The key calculation for a good property should be in the black after deducting the principal amount, interest, tax and insurance (PITI) from the annual rental income.
Here is a list of a number of questions that you should consider for any property that you are interested in:
• What is the property’s current use?
• What can or can’t the property be used for?
• What rental income does the property generate on an annual basis?
• What kind of property taxes does it incur?
• Are there any repairs and replacements pending or will be needed soon on the property?
• Why is the property being sold by its current owner?
• What is the property’s current environment and are there any major changes expected soon?
4. Seek Expert Help
The process of buying commercial property is often a complex process and expert opinion can help in some important steps and make the entire process much easier. The experts to hire and their expertise will largely depend on the type of property that you are going to buy.
You might need to get a commercial real estate lawyer, an accountant, a commercial realtor, as well as a mortgage broker. For complicated properties, you might require the services of a tax expert, lawyers, accountants, appraisers, environmental specialists, engineers and notaries.
There are a number of things that you can research and do on your own , but it does not hurt to get an expert and for the amount of investment you are about to make, it is always advisable to do so.
5. Determine Your Financing
Like most people, you will most likely require some sort of financing for your property. Whether you are seeking help from banks, home mortgage companies or credit unions, you will need to determine what kind of credit you have, what you can get and the interest it accrues.
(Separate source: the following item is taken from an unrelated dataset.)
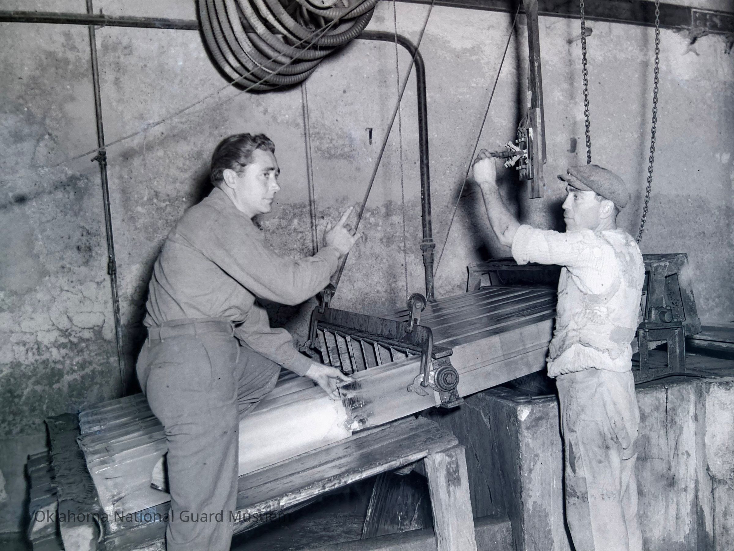 Photograph published in the 45th Division News, 22 July 1944, Vol. V, No. 2, Caption "This Italian ice plant was buy gathers cobwebs until an alert MP spotted it, and thee G-4 started supply GI materials. Now it's up on a 24 hour basis, turning out six or seven thousand pounds of ice a day for the division units with Pvt. Boyd Traywick, Oklahoma City, in the role as Thunderbird iceman."Made/Created

In a case where these traditional methods of financing do not apply to you, there are always alternative methods of financing or purchasing a property. You should be familiar with terms such as subject-to, seller carry-back, lease options and second mortgages.
6. Upon the Approval of your Lawyer, Make an Offer.
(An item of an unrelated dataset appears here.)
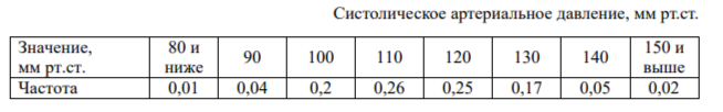 Задание 9. Во время диспансеризации в университете студентам измеряли артериальное давление. При измерении определяют два значения: кровяное давление в момент максимального сокращения сердечной мышцы (систолическое) и в момент расслабления мышцы (диастолическое). Поскольку артериальное давление очень изменчивая величина, обычно измерения округляются до десятков миллиметров ртутного столба. В таблице показаны измеренные значения систолического давления и частоты этих значений.

Never sign any documents without the consent of your lawyer. Your lawyer will guide you through signing your letter of intent, and any contracts involved in the entire process. The letter of intent generally highlights the terms of the transactions and it is not normally a binding agreement. Your lawyer should explain in detail the particulars of all written agreements so that you are fully aware of you rights and obligations during, before and after the tenure of the contract.
7. Escrow and Due Diligence
This is where an actual transaction takes place and things get a bit more real. You might require to order an American Land Title Association Order which is used as part of the due diligence. This survey provides vital property information regarding building locations, boundary lines, improvements and easement identifications (These are the access rights by utility and service companies such as telephone, gas, water, railway, etc).
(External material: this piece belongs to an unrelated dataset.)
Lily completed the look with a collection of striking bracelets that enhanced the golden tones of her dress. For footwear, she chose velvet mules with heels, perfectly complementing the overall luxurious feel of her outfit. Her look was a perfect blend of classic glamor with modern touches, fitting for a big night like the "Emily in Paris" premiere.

Some transaction use the services of an escrow officer who acts as an unbiased third party to oversee the transaction. An escrow officer ensures all parties and protected during the transaction and helps with the transfer of funds and deeds.
The documents that will be included in the final closing escrow may include the title affidavit, a quitclaim deed, bill of sale, a non-foreign affidavit, assignment and sale of contracts, supplier guarantees and warranties.
As the buyer of a commercial property, you should observe due diligence in due time in ensuring that all property documentation is correct and up to date. Triple check everything about the property including utility and service contracts, environment reports, surveys, rent rolls, restrictions, covenants, etc. In case of any disparity with what the seller initially promised or stated about the contract, you have the right to cancel the transfer of funds.
Following these steps can make the process of buying a commercial real estate property much easier and smoother.